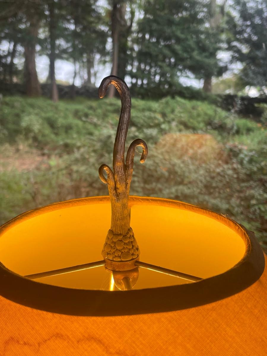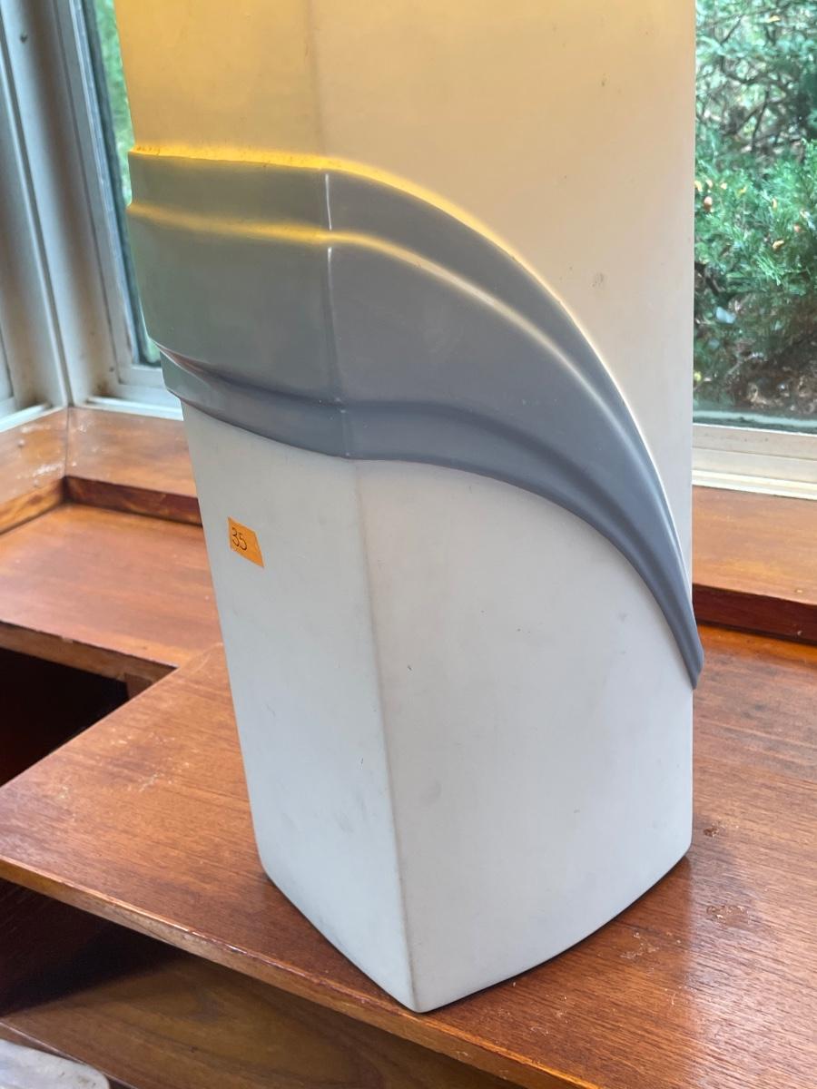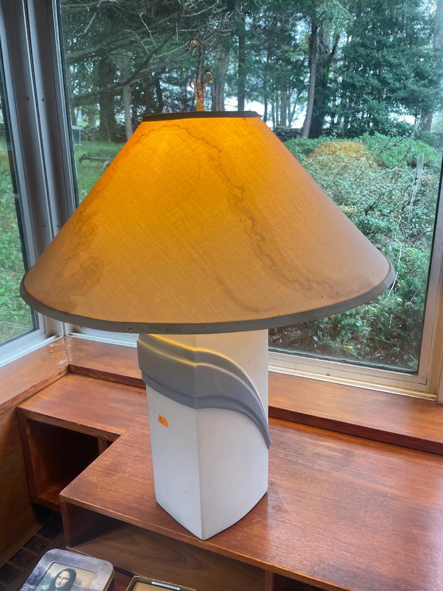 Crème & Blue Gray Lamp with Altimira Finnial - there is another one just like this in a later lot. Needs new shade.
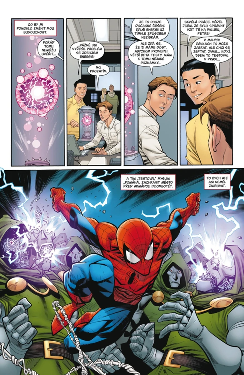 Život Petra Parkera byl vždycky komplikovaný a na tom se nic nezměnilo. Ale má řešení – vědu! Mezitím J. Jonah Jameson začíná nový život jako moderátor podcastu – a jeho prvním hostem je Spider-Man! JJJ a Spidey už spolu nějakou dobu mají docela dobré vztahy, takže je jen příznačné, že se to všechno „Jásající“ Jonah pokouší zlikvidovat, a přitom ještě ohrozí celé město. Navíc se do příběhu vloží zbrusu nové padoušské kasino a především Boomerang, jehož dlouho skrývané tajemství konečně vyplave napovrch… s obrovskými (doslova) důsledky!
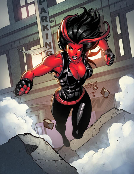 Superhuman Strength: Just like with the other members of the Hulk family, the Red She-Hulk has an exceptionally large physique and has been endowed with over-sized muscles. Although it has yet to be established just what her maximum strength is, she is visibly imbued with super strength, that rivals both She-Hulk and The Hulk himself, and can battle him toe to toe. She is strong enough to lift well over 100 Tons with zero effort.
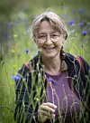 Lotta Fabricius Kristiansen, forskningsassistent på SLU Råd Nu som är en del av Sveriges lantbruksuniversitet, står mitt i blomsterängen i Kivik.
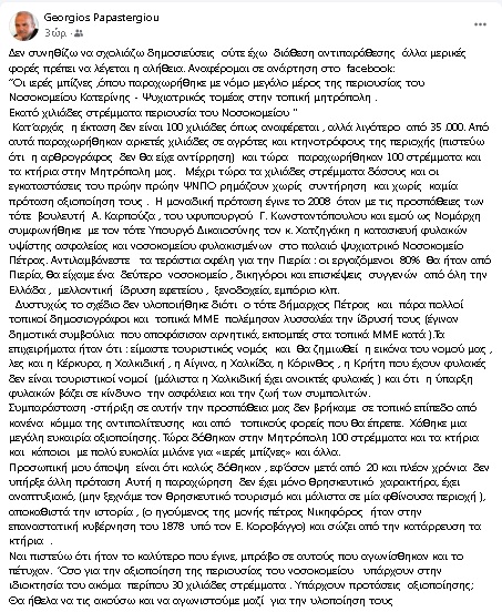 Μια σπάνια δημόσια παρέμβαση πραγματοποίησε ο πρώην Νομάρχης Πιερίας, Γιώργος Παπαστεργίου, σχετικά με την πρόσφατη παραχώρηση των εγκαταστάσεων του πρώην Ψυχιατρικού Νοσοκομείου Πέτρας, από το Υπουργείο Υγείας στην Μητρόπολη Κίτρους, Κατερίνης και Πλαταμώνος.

------------------------------------------------------------

With the pictures excluded, the line containing "Lotta Fabricius Kristiansen, forskningsassistent" and every line after it through the end of the data above are to be transcribed exactly, and nothing more.

 Lotta Fabricius Kristiansen, forskningsassistent på SLU Råd Nu som är en del av Sveriges lantbruksuniversitet, står mitt i blomsterängen i Kivik.
 Μια σπάνια δημόσια παρέμβαση πραγματοποίησε ο πρώην Νομάρχης Πιερίας, Γιώργος Παπαστεργίου, σχετικά με την πρόσφατη παραχώρηση των εγκαταστάσεων του πρώην Ψυχιατρικού Νοσοκομείου Πέτρας, από το Υπουργείο Υγείας στην Μητρόπολη Κίτρους, Κατερίνης και Πλαταμώνος.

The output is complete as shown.